As the truck idled, Mac cried with frustration. The one thing he had been sure about was that he didn't want to go back into the cabin, which sat next to him undisturbed by his outburst of activity. Deceptively innocent and friendly.
Mac and Rolo got back out of the truck and entered its jaws.
It seemed to Mac that it grinned as it let them inside.
Three hours later, Mac was sat in his chair on the pier, wrapped in a coat, scarf, hat, and gloves, and with a blanket over his knees. There was a beer in one hand, cigarette in the other - the last of only three cigarettes that he thought he may have more need for now.
Idiot.
He shivered and stared at the icy grey loch. The morning was chilly, heavy and grey, but mercifully dry. Dry, he could take. He couldn't sit in that cabin any longer than necessary. His nose ran and his glove scraped across his whiskered chin as he caught the drip with a tissue, blowing everything out, only for it to drip again with cold only a few minutes later.
You need a shave.
Mac chuckled aloud at his own admission.
A shave? If you think I'm going anywhere near that bathroom, you're sorely mistaken. At this point, I may even dig a hole and shit in the woods rather than go in there and find the damn shower curtain shut.
Dirt flew into the air at the side of the pier. Mac frowned and leaned forward to see Rolo digging at the hole he had begun weeks before by the side of the wooden platform.
'You digging back to England, buddy? When the escape tunnel is complete, I'll be right behind you.'
Rolo stopped digging to watch Mac, ears silky gold, nose black as soot, right up to his eyes.

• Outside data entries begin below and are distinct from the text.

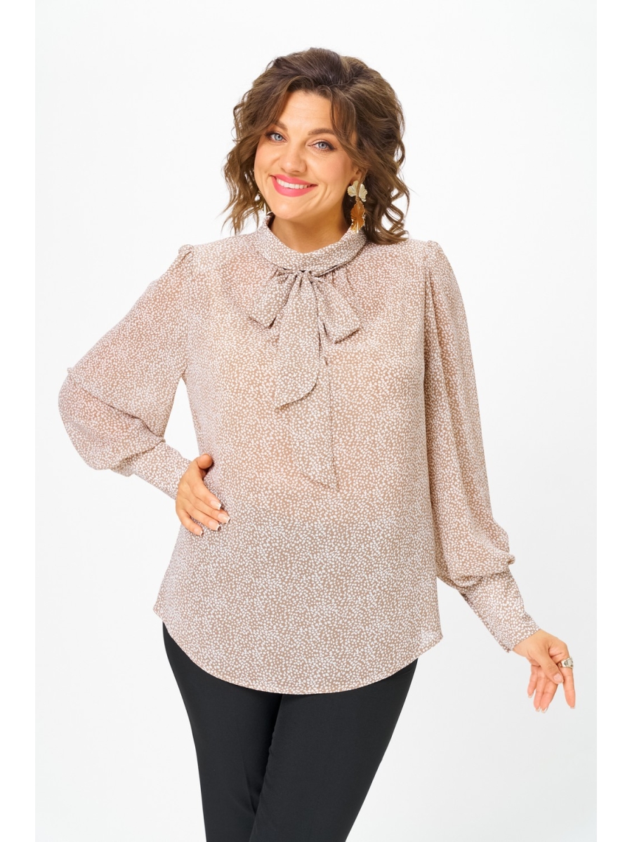 Блузка женская свободного силуэта, с втачным рукавом. Горловина переда с декоративной сборкой и воротником - хомут. Отделкой служит съемный бант. Спинка со средним швом и застежкой по воротнику на две воздушные петли и пуговицы. Рукав длинный со сборкой по окату и низу рукава, на широкой манжете с застежкой на петли и пуговицы.
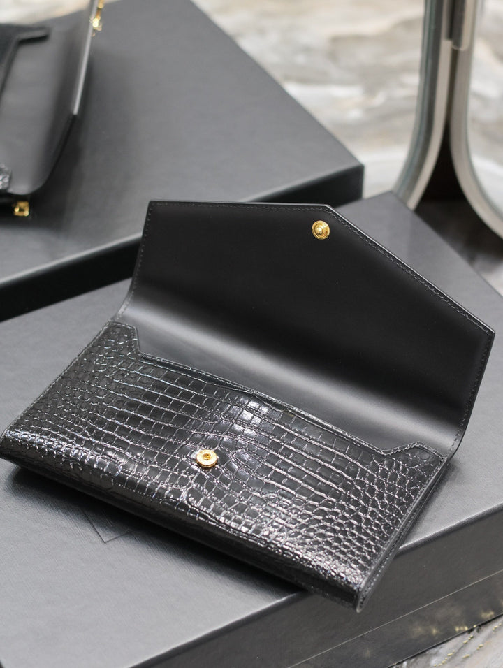 UPTOWN WALLET 21 IN BLACK CROCODILE PATTERN CALFSKIN GOLD LOGO
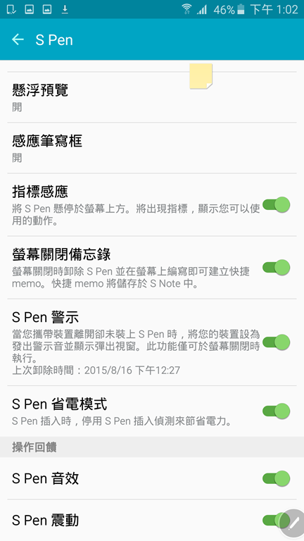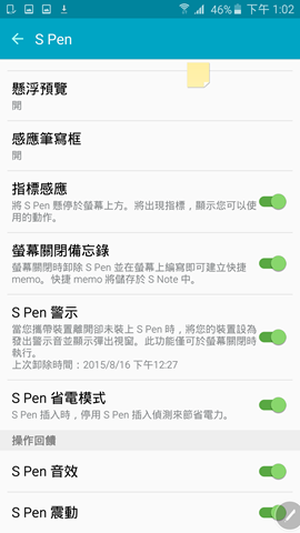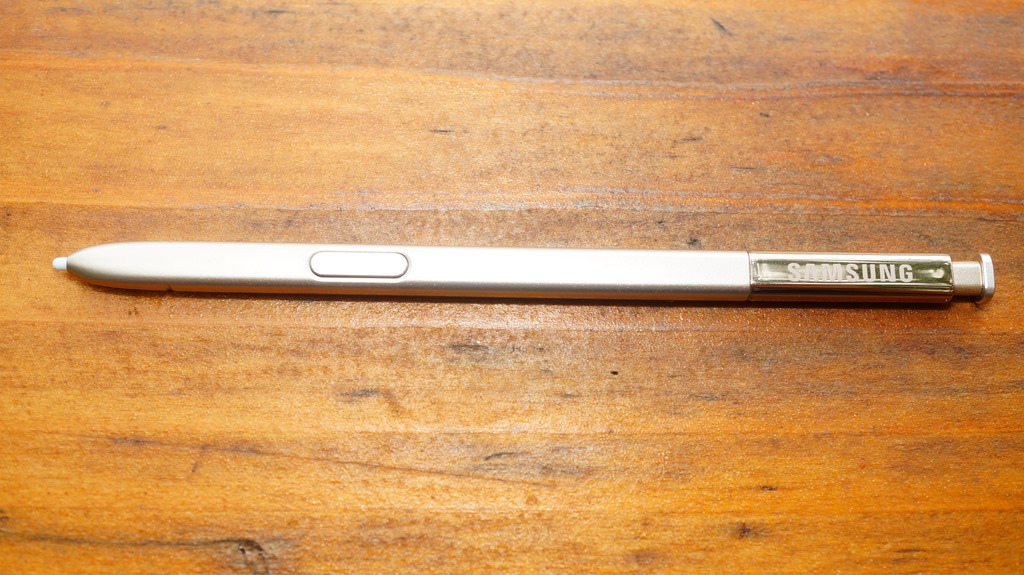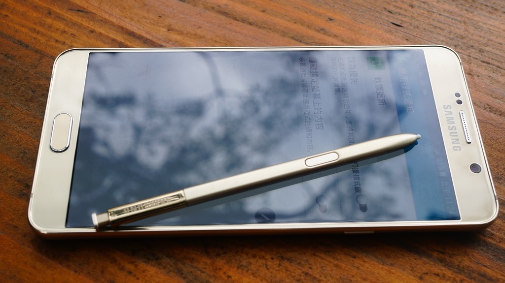 Galaxy Note 5的S Pen也要來看一下。雖然感壓部分沒有增加,但以手上這台琉光金顏色的S Pen來說,現在是使用按壓方式從Galaxy Note 5取出使用,且質感比我目前使用Note Edge的S Pen來得更好!
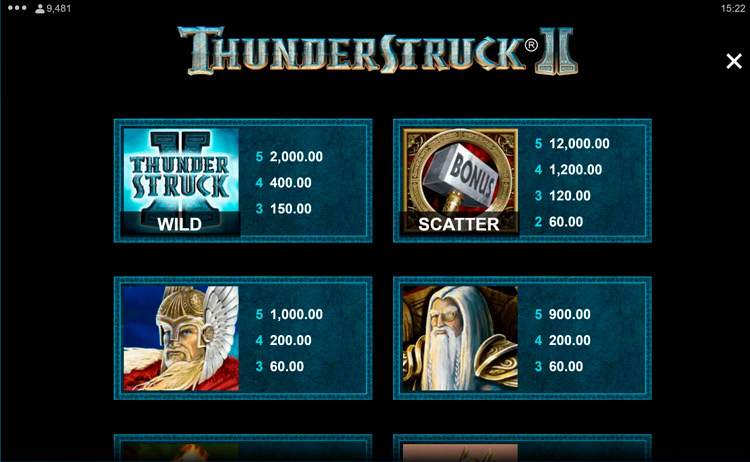 Таблица выплат Thunderstruck 2
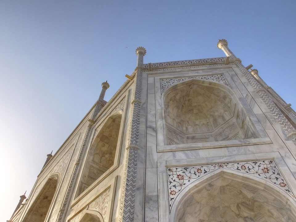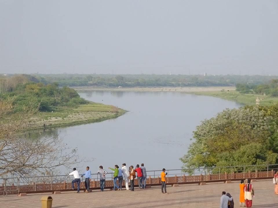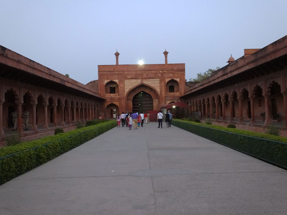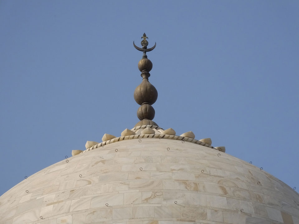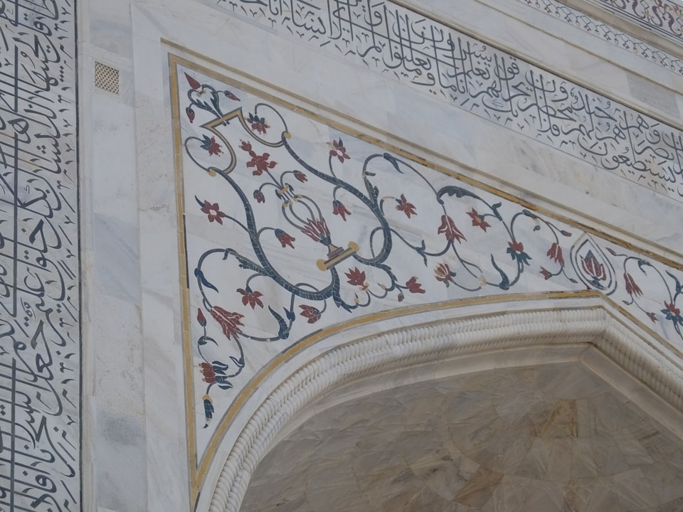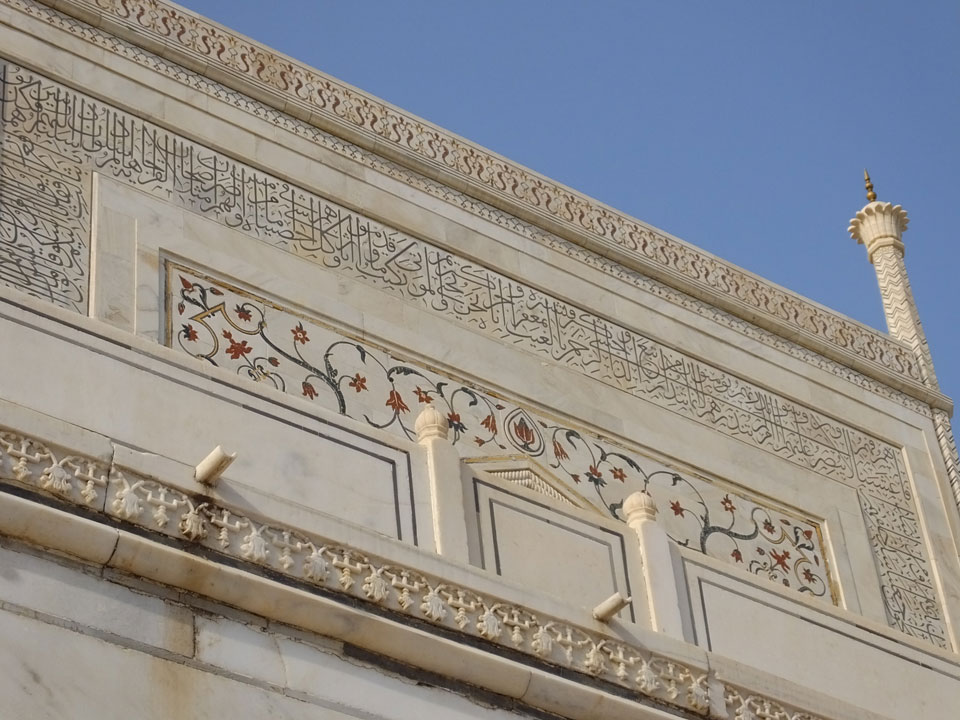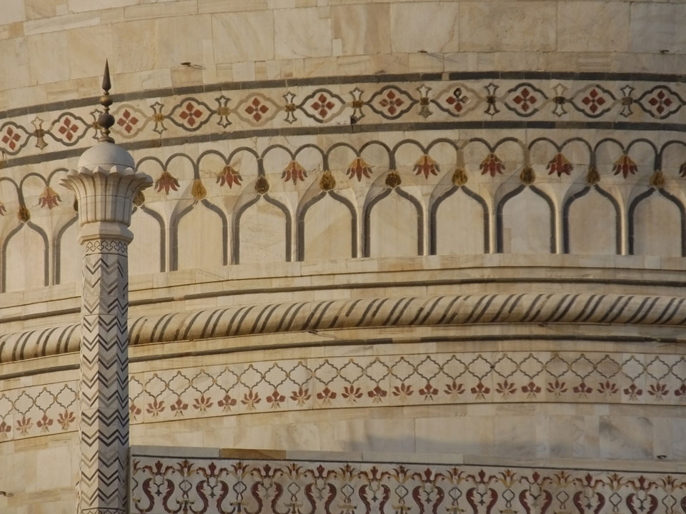 Das Wetter war schön, warm und alles OK. Es gab eine lange Schlange, um in das Mausoleum zu kommen. Mit den Schuh-Überziehern war dort der Mamor auch blank geputzt. Drinnen im Taj dann, wo die Sarkophage stehen knipsten viele Inder. Es gab Chaos, womit die Ordenr zu Trillerpfeifen greifen mussten. Selbst ich knipste, da ich erst spät sah, das Photos nicht erlaubt seien. Erst mal hier im Blog keine Bilder, besonders interessant sieht es drinnen ohnehin nicht aus. Im Zentrum steht der Sarkophag der Königin. Die perfekte Symmetrie wird durch den Sarkophag des Königs daneben gebrochen. Das hatte wohl der Sohn veranlasst, las ich mal.
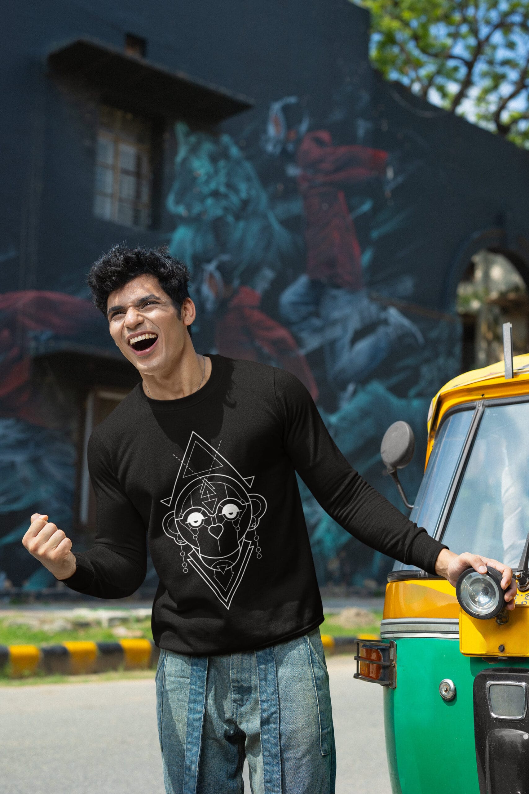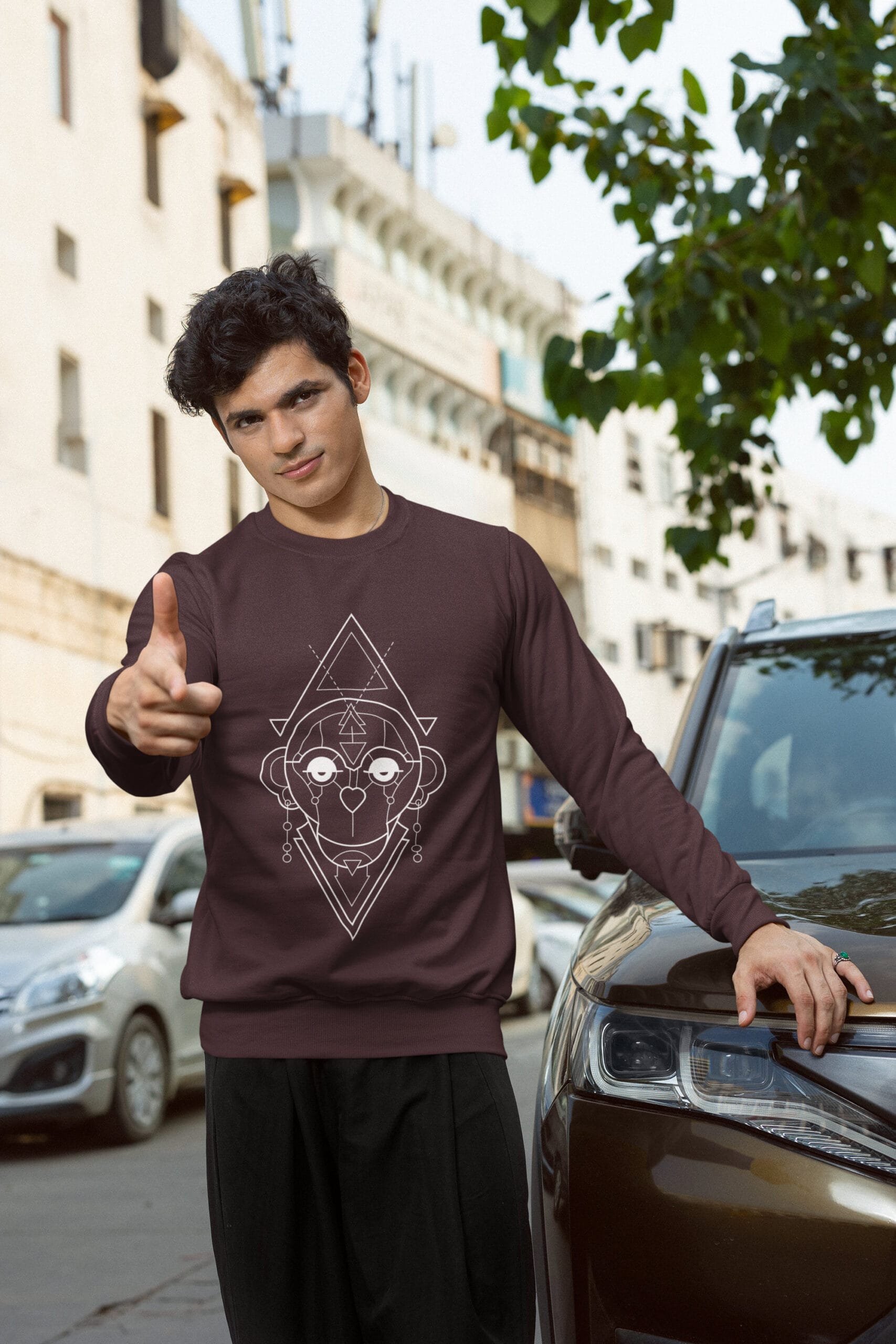 The design captures the playful genius of the monkey through clean, angular white geometric lines. Against the deep fabric, the contrast is sharp and striking—like an illuminated idea in motion. It’s clever, rebellious, and loaded with personality. This piece doesn’t just make a statement—it outsmarts the ordinary.
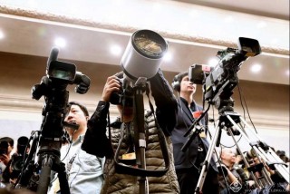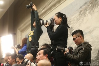 2018年3月2日,全国政协十三届一次会议新闻发布会在人民大会堂一层新闻发布厅召开,女记者相机聚焦发布会。
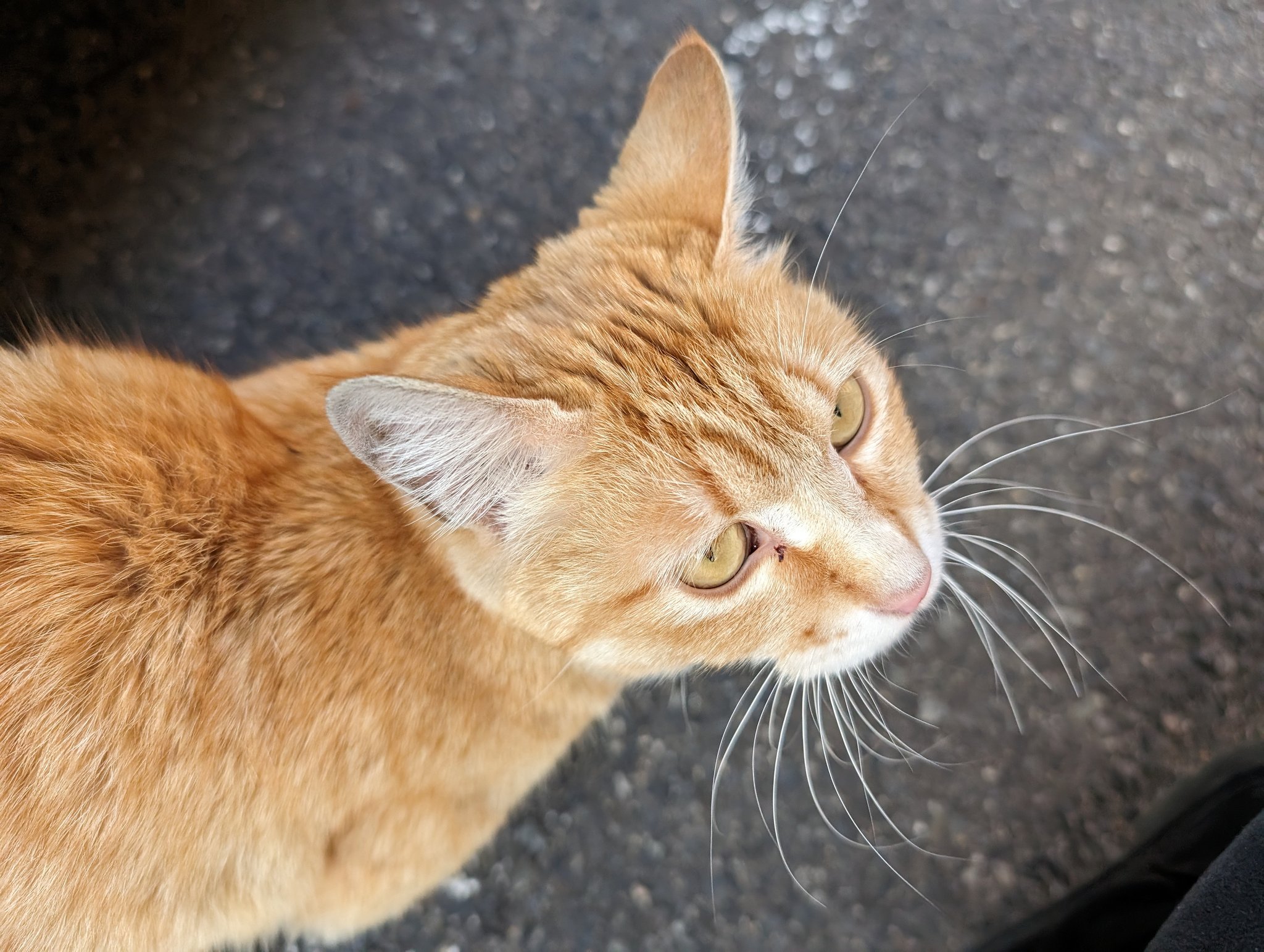 とても人懐こく警戒なく人の膝の上で寝たりしています。
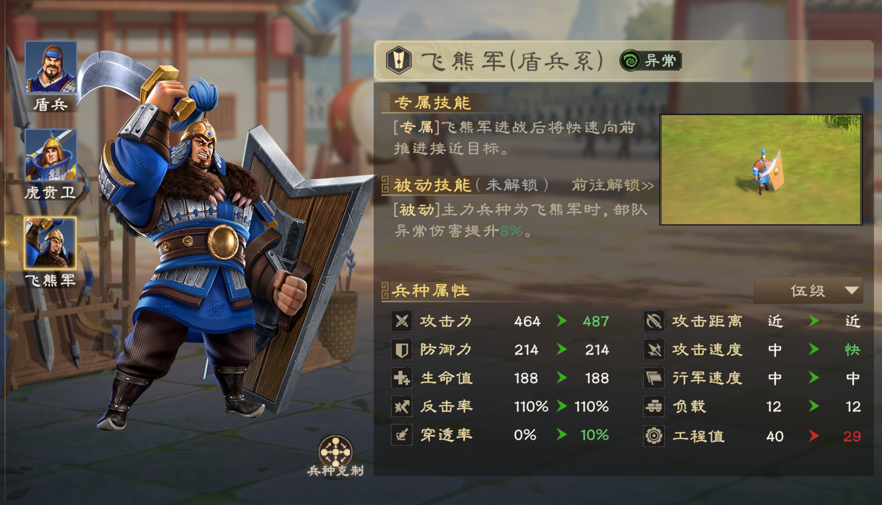 考虑到盾兵拥有更高的生命、防御数值,一般来说推荐优先选择盾兵构筑。盾兵路线选择飞熊军,飞熊军防御高、生命值高,而且可提高异常伤害,在慢速作战下强度更高。
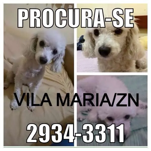 Desaparecida dia 23/04 na Zona Norte Vila Maria alta, é uma poodle de pelo branco, está tosada, é muito dócil seu porte é pequeno/médio. Gratificaremos quem encontrá-la.
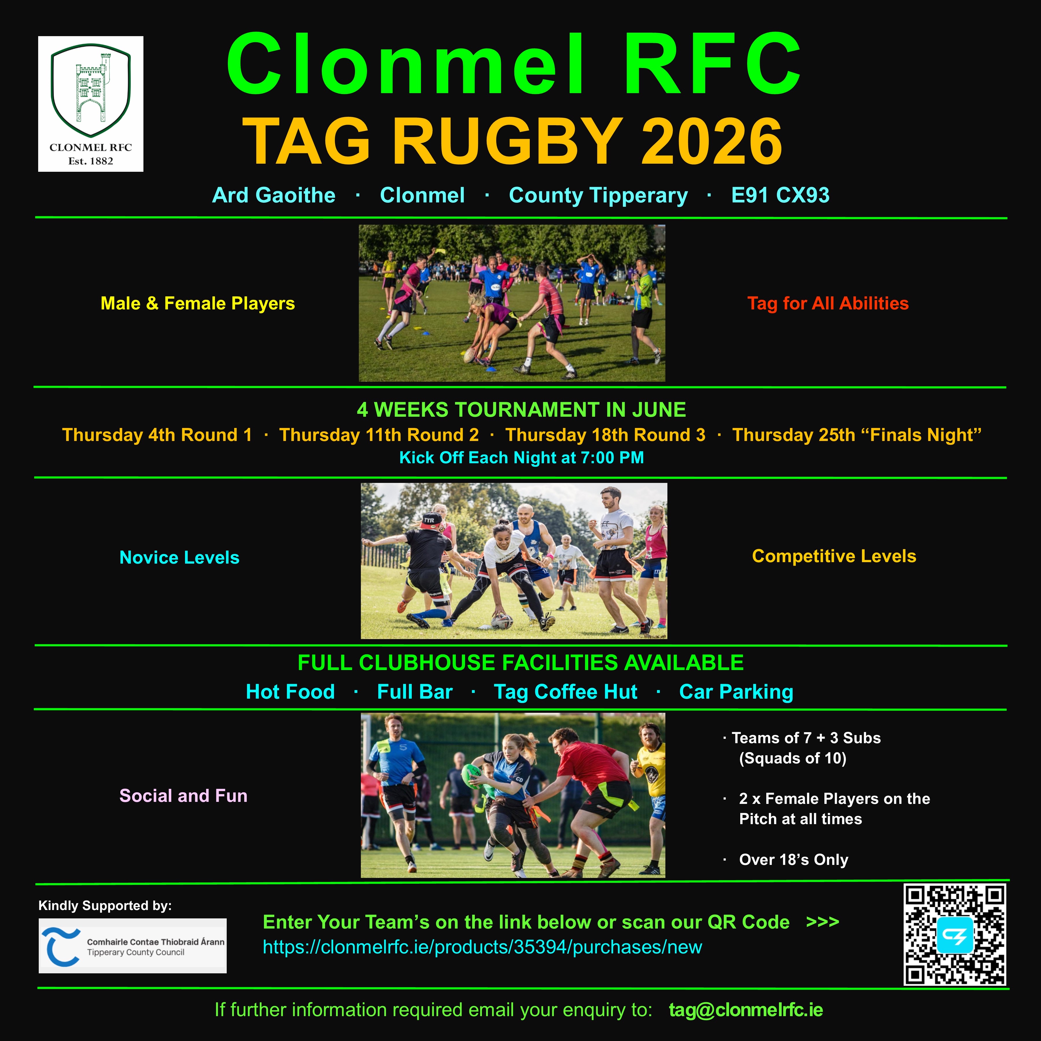 Enter a team in Clonmel RFC Tag Rugby on 4th, 11th, 18th and Finals 25th June 2026

'You may have more luck digging with your paws than with your nose, that's what the claws are for.'
He motioned, air digging with clawed hands. The dog ignored him and set back to work. Mac shrugged and stared out at the loch, wondering if he could get frostbite from sitting outside too long, and deciding to get another blanket. If the cabin was willing, maybe he could even get a hot drink before he came back out.
He stood, stamping out his cigarette, and stretched his cold, aching bones. He was pulling the blanket around his shoulders when Rolo came running onto the pier with something long and black hanging from his mouth. Something that glinted in the grey light as Rolo tossed it high. It landed with a low thunk on the wood and Mac frowned.